Now we would like to know how much to vary t by to achieve the same arc length delta on the ellipse. With a bit of calculus:
dx/dt = -a * sin(t)
dy/dt = b * cos(t)
dc/dt = sqrt((dx/dt)^2 + (dy/dt)^2)
Δc/Δt ≈ sqrt(a^2 * sin^2(t) + b^2 * cos^2(t))
Δt ≈ Δc / sqrt(a^2 * sin^2(t) + b^2 * cos^2(t))
Δt ≈ Δc / sqrt(a^2 - a^2 * cos^2(t) + b^2 - b^2 * sin^2(t))
Δt ≈ Δc / sqrt(a^2 + b^2 - x^2 - y^2)
a'x = a * cos(t + Δt)
a'y = b * sin(t + Δt)
This proves to be a good enough approximation, but it does suffer at the vertices (pointy ends) of the ellipse.

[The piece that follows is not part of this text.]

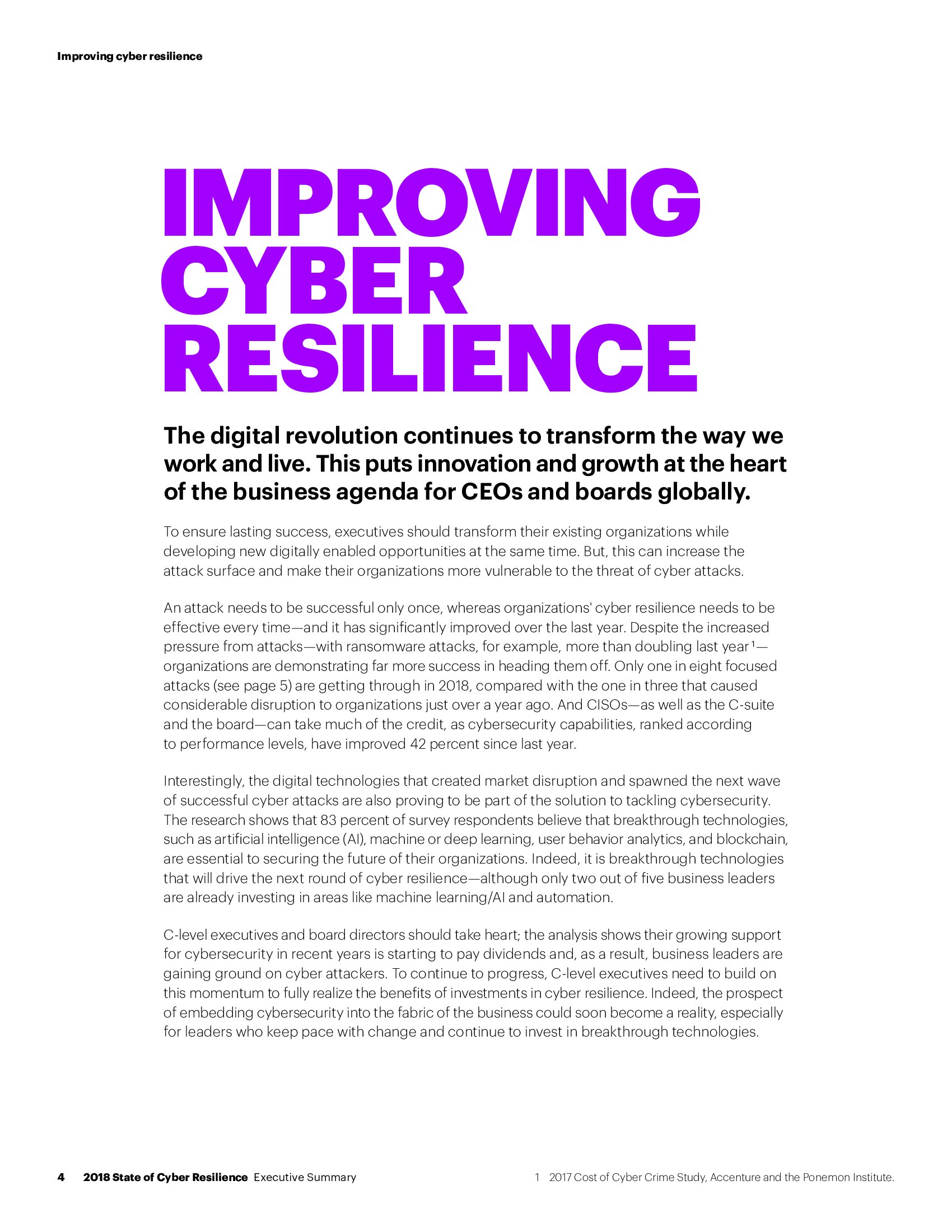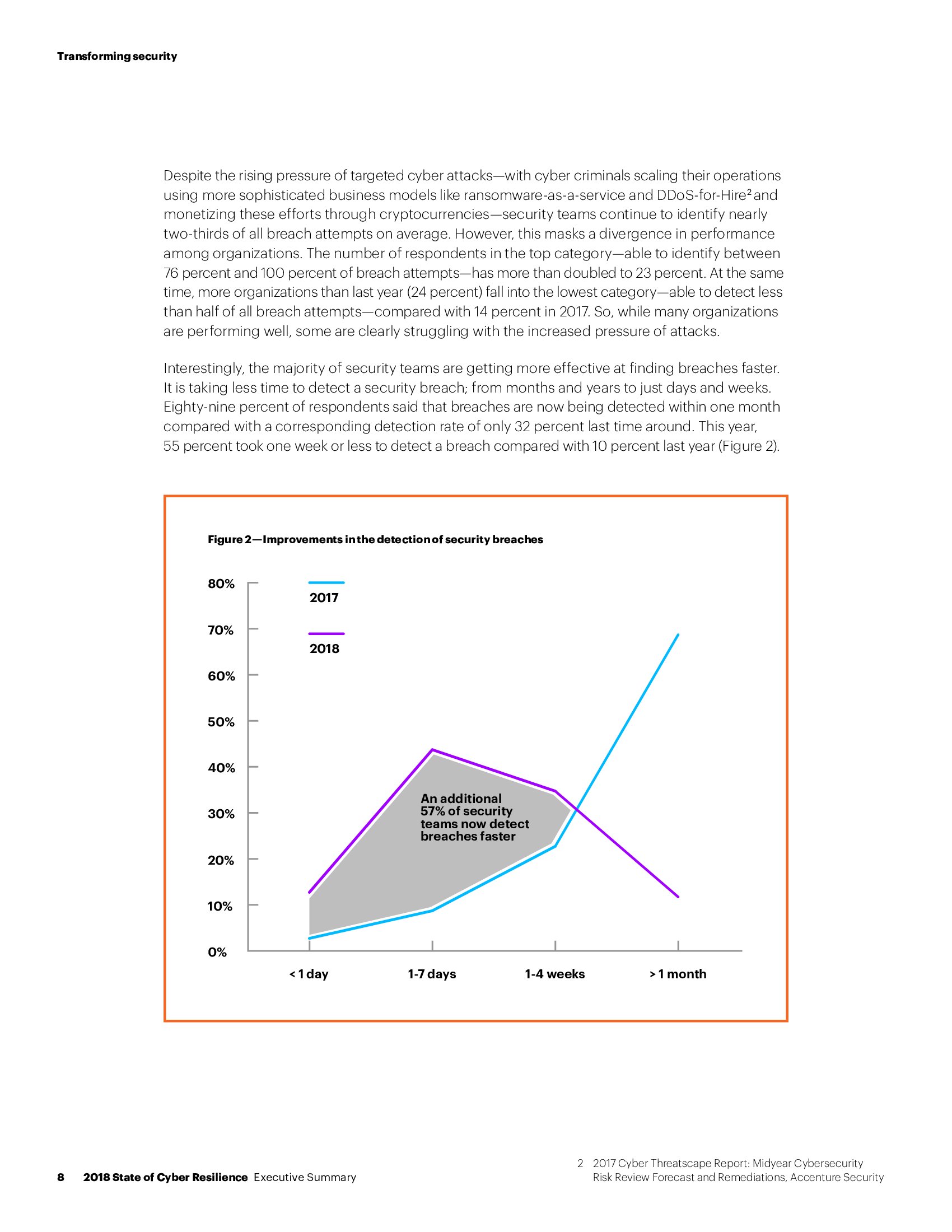 根据埃森哲发布的“2018年网络防卫报告”,企业正在防卫有针对性的网络攻击的破坏性影响方面取得进展,证明最近的安全投资取得成效。尽管去年有针对性的网络攻击数量翻了一番,但企业正在提高网络防卫,并证明它们在压力下可以表现更好。

Although in my experiments convergence was not affected, in the code listing I choose to confine t to the first quadrant and then correct the signs of the final result. For clarity, some obvious optimisations have been left unimplemented.
def solve(semi_major, semi_minor, p):
px = abs(p[0])
py = abs(p[1])
t = math.pi / 4
a = semi_major
b = semi_minor
for x in range(0, 3):
x = a * math.cos(t)
y = b * math.sin(t)
ex = (a*a - b*b) * math.cos(t)**3 / a
ey = (b*b - a*a) * math.sin(t)**3 / b
rx = x - ex
ry = y - ey
qx = px - ex
qy = py - ey
r = math.hypot(ry, rx)
q = math.hypot(qy, qx)
delta_c = r * math.asin((rx*qy - ry*qx)/(r*q))
delta_t = delta_c / math.sqrt(a*a + b*b - x*x - y*y)
t += delta_t
t = min(math.pi/2, max(0, t))
return (math.copysign(x, p[0]), math.copysign(y, p[1]))
One remaining question is why t is initialised to a constant instead of atan2(py, px). This is only a good guess if p is outside of the ellipse. On the inside it is optimally bad. If p is inside the ellipse initialise to atan2(px, py). It turns out that a close to optimally bad guess will require additional iterations to move away from the initial guess in a random fashion. An optimally bad guess will get stuck. I've shown that for rather detailed reasons, the algorithm converges as long as you don't start near the optimally bad guess. You will be fine using atan2 if you correctly case for being inside or outside of the ellipse.
The plots show good convergence after three iterations over a wide range of eccentricities. However, at extreme eccentricities the algorithm will eventually fail. At some cutoff the ellipse should be considered a line.
The code for the plots is available on GitHub.